On-demand music dominates industry

The first CD was released in 1982 and featured Billy Joel’s “52nd Street,” while 11 years later the Internet Underground Music Archive first allowed users to download songs.

Nielsen Holdings N.V., a global information and measurement company, released its annual music report indicating that in 2015, more than 317 billion songs were streamed on-demand — an increase of about 93 percent from last year.

While total music consumption is up by more than 15 percent, album sales have declined by 17 percent since 2014, showing the growing preference for streaming sites over tangible albums.

“Databases that stream, like Spotify and Apple Music, are wonderful sources for both scholars and performers,” said Dr.
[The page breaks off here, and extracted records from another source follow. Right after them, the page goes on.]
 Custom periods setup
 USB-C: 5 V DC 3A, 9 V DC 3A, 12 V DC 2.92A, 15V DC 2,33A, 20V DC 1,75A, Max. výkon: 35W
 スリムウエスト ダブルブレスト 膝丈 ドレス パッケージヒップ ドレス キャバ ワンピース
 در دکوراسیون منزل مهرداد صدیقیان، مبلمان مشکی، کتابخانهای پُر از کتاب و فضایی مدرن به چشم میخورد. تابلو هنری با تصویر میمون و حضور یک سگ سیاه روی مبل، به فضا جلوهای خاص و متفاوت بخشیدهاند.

Angela Brand, associate professor of music. “They provide easy access to music, albeit, in an intangible way. However, the ease of use and accessibility may come at a cost to the music industry and the musicians.”

Streaming sites pay artists based on how many plays their songs receive. While this benefits major artists, smaller musicians struggle to make an income. Based on a graph released by Information is Beautiful, a company that turns data and information into visual graphs and diagrams, a signed artist on Spotify would need 1,117,021 plays to earn the U.S. federal minimum wage of $7.25.
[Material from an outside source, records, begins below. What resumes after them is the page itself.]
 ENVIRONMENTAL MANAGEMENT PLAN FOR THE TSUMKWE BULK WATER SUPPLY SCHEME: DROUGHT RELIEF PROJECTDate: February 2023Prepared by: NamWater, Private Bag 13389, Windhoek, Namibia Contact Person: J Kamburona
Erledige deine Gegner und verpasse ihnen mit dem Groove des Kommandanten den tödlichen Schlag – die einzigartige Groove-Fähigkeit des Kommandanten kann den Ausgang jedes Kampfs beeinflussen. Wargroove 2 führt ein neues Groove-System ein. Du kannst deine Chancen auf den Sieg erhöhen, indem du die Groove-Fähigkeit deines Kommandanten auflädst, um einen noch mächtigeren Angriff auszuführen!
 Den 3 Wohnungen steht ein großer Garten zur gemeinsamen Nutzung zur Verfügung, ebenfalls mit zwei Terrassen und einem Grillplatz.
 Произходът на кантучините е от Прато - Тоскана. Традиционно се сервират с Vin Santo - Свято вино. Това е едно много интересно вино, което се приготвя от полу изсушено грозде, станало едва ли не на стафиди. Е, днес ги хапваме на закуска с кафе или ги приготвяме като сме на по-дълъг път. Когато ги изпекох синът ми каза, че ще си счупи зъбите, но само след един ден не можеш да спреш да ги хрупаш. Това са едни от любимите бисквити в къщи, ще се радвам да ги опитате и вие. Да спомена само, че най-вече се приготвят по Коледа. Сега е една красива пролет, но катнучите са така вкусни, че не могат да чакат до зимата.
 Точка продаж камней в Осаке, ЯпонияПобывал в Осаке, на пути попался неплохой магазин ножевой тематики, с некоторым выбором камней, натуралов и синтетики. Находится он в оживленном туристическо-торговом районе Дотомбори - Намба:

“The artists do get a bigger percentage on Apple Music than they get paid on Spotify,” said Dean Lagrange, senior business administration major. “If you’re a major artist, then you really made it. My brother is a mastering engineer so he works with major artists all the time and it’s a really cutthroat industry.”
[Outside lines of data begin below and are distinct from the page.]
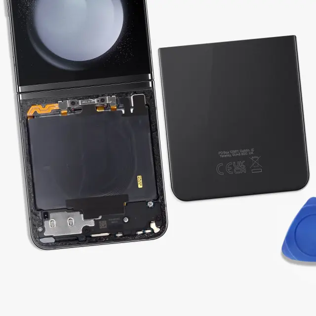 Originalno proizvajalčevo grafitno spodnje zadnje steklo za Samsung Galaxy Z Flip 5. Uradni kos, ki je popoln za popravilo vašega počenega, obrabljenega ali zlomljenega spodnjega zadnjega pokrova. 100 % original (servisni paket), preizkušen pri Samsungu za zagotavljanje brezhibnega zadnjega stekla. Enako kot vaš obrabljen (barva, velikost itd.).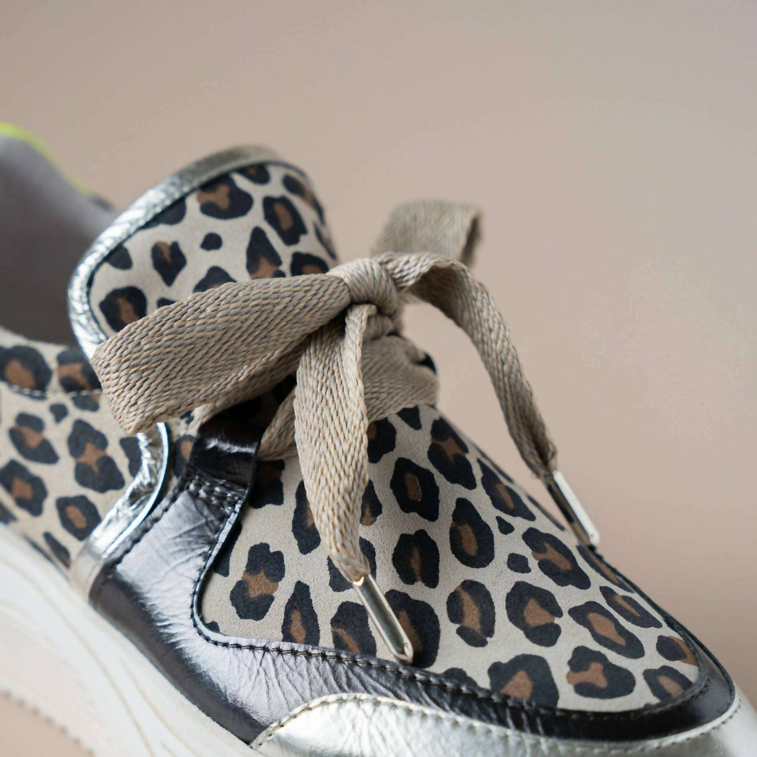 Get your daily steps in with these adorable sneakers. Introducing the Women's Bikini Sneaker by Vaddia, a stylish addition to your wardrobe in a playful taupe leopard and lime combination. Crafted from high-quality faux leather, these sneakers feature a classic round toe and flat heel, perfect for fall streetwear and travel occasions. Ideal for those with narrower feet, these sneakers can be paired with a fit pack for a snugger fit. Elevate your outfit effortlessly with these trendy kicks.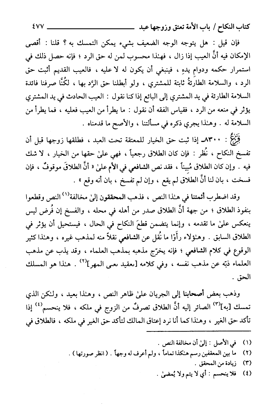 وقد اضطرب أئمتنا في هذا النص، فذهب المحققون إلى مخالفة (1) النص وقطعوا بنفوذ الطلاق؛ من جهة أنَّ الطلاق صدر من أهله في محله، والفسخ إن فُرض ليس ينعكس على ما تقدمه، وإنما يتضمن قطعَ النكاح في الحال، فيستحيل أن يؤثر في الطلاق السابق. وهؤلاء رأَوْا ما نُقل عن الشافعي نقلاً منه لمذهب غيره، وهذا كثير الوقوع في كلام الشافعي؛ فإنه يخرّج مذهبه بمذهب العلماء، وقد يذب عن مذهب العلماء ذبّه عن مذهب نفسه، وفي كلامه [ـعقيد ـعـ ـنى المهر] (2). هذا هو المسلك الحق.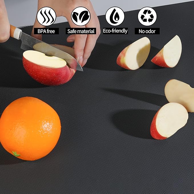 - SAFE MATERIAL AND NON ADHESIVE: Our kitchen shelf liner is made of high quality food-graded material, which is soft and durable without odor or BPA. So it is safe to be used directly in contact with fruit and vegetable. What’s more, the drawer liner is non-adhesive so you can easily remove to clean or to change the liner.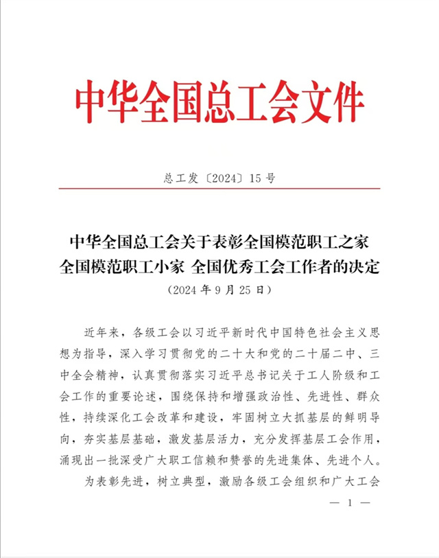 “全國(guó)模范職工之家”是中華全國(guó)總工會(huì)設(shè)立的授予全國(guó)工會(huì)系統(tǒng)先進(jìn)集體的最高榮譽(yù),是對(duì)基層工會(huì)工作的最高褒獎(jiǎng)和肯定。公司工會(huì)在公司黨委領(lǐng)導(dǎo)下,以習(xí)近平新時(shí)代中國(guó)特色社會(huì)主義思想為指導(dǎo),深入學(xué)習(xí)貫徹黨的二十大和黨的二十屆二中、三中全會(huì)精神,認(rèn)真貫徹落實(shí)習(xí)近平總書記關(guān)于工人階級(jí)和工會(huì)工作的重要論述,牢固把握正確政治方向,充分發(fā)揮橋梁紐帶作用,切實(shí)維護(hù)職工合法權(quán)益,努力構(gòu)建和諧勞動(dòng)關(guān)系,不斷增強(qiáng)工會(huì)組織的引領(lǐng)力、組織力、服務(wù)力,為公司高質(zhì)量發(fā)展貢獻(xiàn)工會(huì)智慧和力量。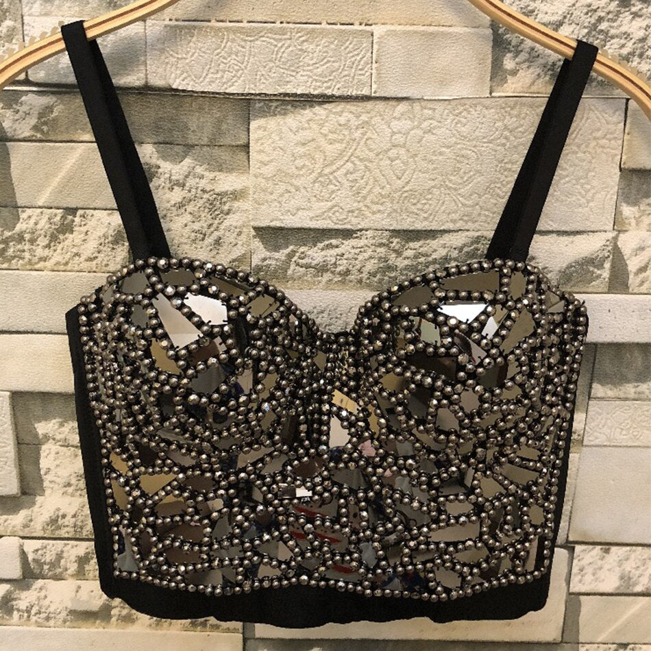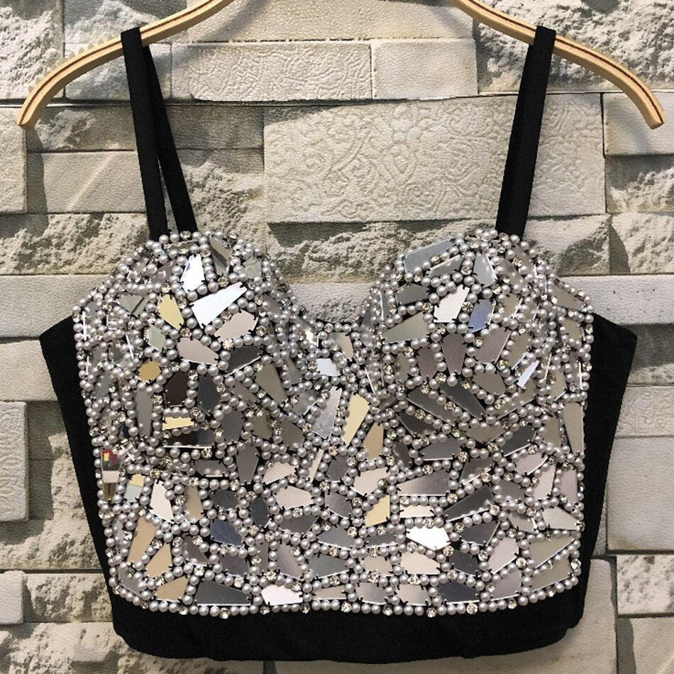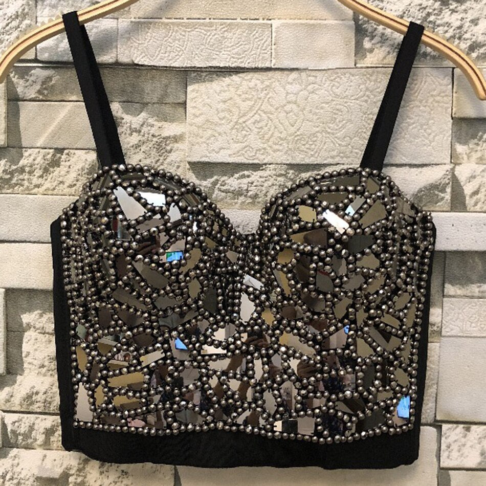 Pisani Maura Collection created to respond to lust and style lovers’ necessities. Attention to materials and production processes is essential. Like this stretch polyester jersey sleeveless top with stretch swarovski inserts. Reminding the corsets from the victorian ages. Two needle stitching hems.

Last year, a Michigan band named Vulfpeck challenged Spotify by streaming an album with 10 tracks that contained complete silence. Although Spotify removed the album, the band earned $20,000 after asking fans to play it on repeat while they slept.

“The challenge will be for musicians to still receive their earnings and dividends without being undercut by unscrupulous or pirated copies of their art,” Brand said. “Another concern would be the revenue from advertisements that website owners receive and sometimes do not share with the music- makers.”

Each play earns an artist under half of a cent from most streaming services after record companies take their cut. An unsigned artist will make significantly more than one signed by a larger company.

“If people are really into music and big fans of an artist, I think they’d buy their CDs if they knew it would benefit them more,” said Haley Mulder, junior theater performance major.